Monday, July 25, 2011

The Raj Quartet by Paul Scott


Having finally finished all four of the books making up the Quartet, I have a new understanding of Paul Scott’s final take on the British dominion of India. The action of the four books takes place between 1942 and 1947. In 1942 the Indian Congress first issued a motion for the British to leave, and in 1947 the British did just that. Scott tells his story through interweaving personal accounts, diaries, letters and reports of people playing major or minor roles in India –British commanders and their families, proprietors of shops, factories and newspapers, Indian soldiers in the British army, spies, police and ambassadors – the list goes on. Scott knew his India, having been posted to India for three years as a supply officer, and was able to visit India again in 1964, before writing the Raj Quartet. He wrote the four books over a roughly ten year period, with the last published in 1975, just three years before his death at the age of 57.

There is direct action within the accounts as well. Scott’s technique of providing us with documents written by characters in the story can make for slow reading, but faithful attention to details and nuance is amply rewarded by the outcome of a story with depth and resonance. Some critics have complained that they feel lectured to at times with Scott’s detailed elucidation of history. The characters are fictitious, of course, but they exist on a canvas of real events. Indian national figures like Gandhi, Nehru and Pakistan’s Jinnah are seen in the background, through the characters’ perceptions.

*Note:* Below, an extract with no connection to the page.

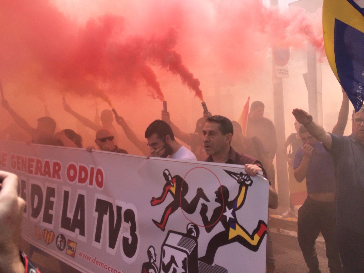 Spanish unionists and extreme right groups in protest outside Catalan TV3 station calling for it to be closed for 'promoting hate.' They're almost outnumbered by journalists and photographers.

The characters themselves are alive and multi-dimensional. Unlike E.M. Forster’s novel “A Passage to India”, the British who are in India are presented sympathetically, even when their presumptions about India and Indians are derogatory and unfeeling. Somehow you see how they got there – most particularly in the character of Ronald Merrick, a villain who sees the bottom line of race that is Empire, and uses this perception for self-advancement. But was the British Empire – the Raj, as it was called in India, really based on racism? There are British commanders who inspire loyalty in their Indian recruits, with their Memsahib British wives going out to visit the Indian soldiers’ families in a gesture of underlying solidarity. There are Indian servants who have lived with an English family their whole lives, and have a closeness that is genuine. Does the closeness, where it exists, come simply from the spirituality and depth of the Indian?

Throughout the books Scott shows how the Indian landscape pervades everywhere - the vastness of the plains, the wildness of the hill country. It is this landscape that the children of Britain came to, and took it as their own, so that hereafter English vistas seemed too constricted, not answering to their increased appetite for scope and richness in their daily lives. Reading the Raj Quartet gave me a picture of how the Empire grasped India, tried to form it, and then let go – so that the disparity of India’s peoples – particularly the Hindus and the Muslims – could only express itself in disarray, with helpless violence. That violence and enmity continues today, in the legacy of Pakistan, an exterior solution to an interior dilemma.